No Reserve Driver: 1992 Saab 900 S

There’s something reassuring about finding a classic car that its owner offers for sale with a complete service history. That is the case with this 1992 Saab 900 S, and its overall condition helps explain why it has already attracted some strong interest. It is a turn-key proposition with only some minor cosmetic issues that the buyer could choose to address as time and circumstances allow. If an interesting European classic has been on your radar, you will find the Saab located in Palm Springs, California, and listed for sale here on eBay. Bidding has already passed the reserve to sit at $5,500.

I’ve always found it sad that Saab collapsed in 2016 because it was a manufacturer with a history of producing interesting and groundbreaking cars. Cars like this 900 exhibit a styling trend that evolved from their “99” model that emerged in 1968. Our feature car is an excellent example of the breed and presents well in its original shade of Silver. The paint shows no evidence of deterioration or patchiness, while the panels appear to be as straight as an arrow. The original owner ordered this car with a factory sunroof, which is a nice feature to have on a sunny day. It is a classic that has a couple of attributes that increase its appeal to potential buyers. The first is that it has lived its life in California, which features a climate that tends to preserve classic steel. The second is that this vehicle’s rust-free status comes as no surprise due to Saab maintaining a consistent build quality and standard for both export vehicles and those destined to withstand the rigors of a harsh Swedish winter. It is refreshing that the exterior plastic shows no significant deterioration, despite its exposure to the UV rays that are part of life in its current location. The original alloy wheels are in good order, while the glass is close to perfect.

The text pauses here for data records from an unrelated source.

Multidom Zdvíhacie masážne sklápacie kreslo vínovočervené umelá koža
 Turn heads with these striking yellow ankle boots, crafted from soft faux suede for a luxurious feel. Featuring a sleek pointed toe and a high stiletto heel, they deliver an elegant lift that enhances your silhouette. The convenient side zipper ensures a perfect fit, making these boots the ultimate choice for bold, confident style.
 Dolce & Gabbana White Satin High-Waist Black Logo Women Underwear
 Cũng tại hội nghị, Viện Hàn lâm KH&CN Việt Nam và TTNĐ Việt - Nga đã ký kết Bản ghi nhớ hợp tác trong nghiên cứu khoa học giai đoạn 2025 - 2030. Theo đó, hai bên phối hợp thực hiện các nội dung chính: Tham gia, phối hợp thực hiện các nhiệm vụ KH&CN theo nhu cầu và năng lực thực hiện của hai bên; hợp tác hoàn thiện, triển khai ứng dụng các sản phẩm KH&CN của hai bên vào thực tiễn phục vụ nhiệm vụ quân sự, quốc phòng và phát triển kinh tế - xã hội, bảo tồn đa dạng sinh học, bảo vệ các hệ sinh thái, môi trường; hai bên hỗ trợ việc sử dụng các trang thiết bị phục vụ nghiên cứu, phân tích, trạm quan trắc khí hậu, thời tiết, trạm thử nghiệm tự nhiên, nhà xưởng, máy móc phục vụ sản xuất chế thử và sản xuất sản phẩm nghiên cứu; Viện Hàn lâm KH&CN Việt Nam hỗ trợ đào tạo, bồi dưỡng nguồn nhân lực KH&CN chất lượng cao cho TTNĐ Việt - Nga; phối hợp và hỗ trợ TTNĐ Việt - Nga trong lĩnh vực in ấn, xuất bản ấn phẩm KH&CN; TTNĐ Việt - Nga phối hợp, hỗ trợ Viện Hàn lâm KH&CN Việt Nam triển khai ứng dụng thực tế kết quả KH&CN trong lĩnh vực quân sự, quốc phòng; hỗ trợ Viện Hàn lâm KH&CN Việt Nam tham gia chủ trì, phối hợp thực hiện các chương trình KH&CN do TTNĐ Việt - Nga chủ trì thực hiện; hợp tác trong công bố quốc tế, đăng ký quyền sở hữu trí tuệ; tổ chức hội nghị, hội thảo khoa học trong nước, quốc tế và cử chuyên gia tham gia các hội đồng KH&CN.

When we delve below the surface, we are confronted with this Saab’s strongest selling point for potential buyers. Its engine bay is occupied by a numbers-matching 2,119cc four-cylinder engine that produces a very respectable 140hp. The power finds its way to the road via the front wheels and a five-speed manual transmission. Considering its modest engine capacity and power output, a ¼ mile ET of 16.8 seconds is respectable for a vehicle of this type and size. With 137,000 miles under its belt, it is not what I would class as a low-mileage survivor. However, this is where we strike its strongest selling point that I previously mentioned. It seems that the owner is meticulous about record-keeping, and he holds a complete service history that dates back to Day One. This will allow potential buyers to confirm that it has been appropriately maintained throughout its life. The owner recently rebuilt the steering rack and reports that there are no fluid leaks or other nasty issues for the buyer to tackle. This Saab runs and drives well and is waiting for its next owner to rock up and drive it away.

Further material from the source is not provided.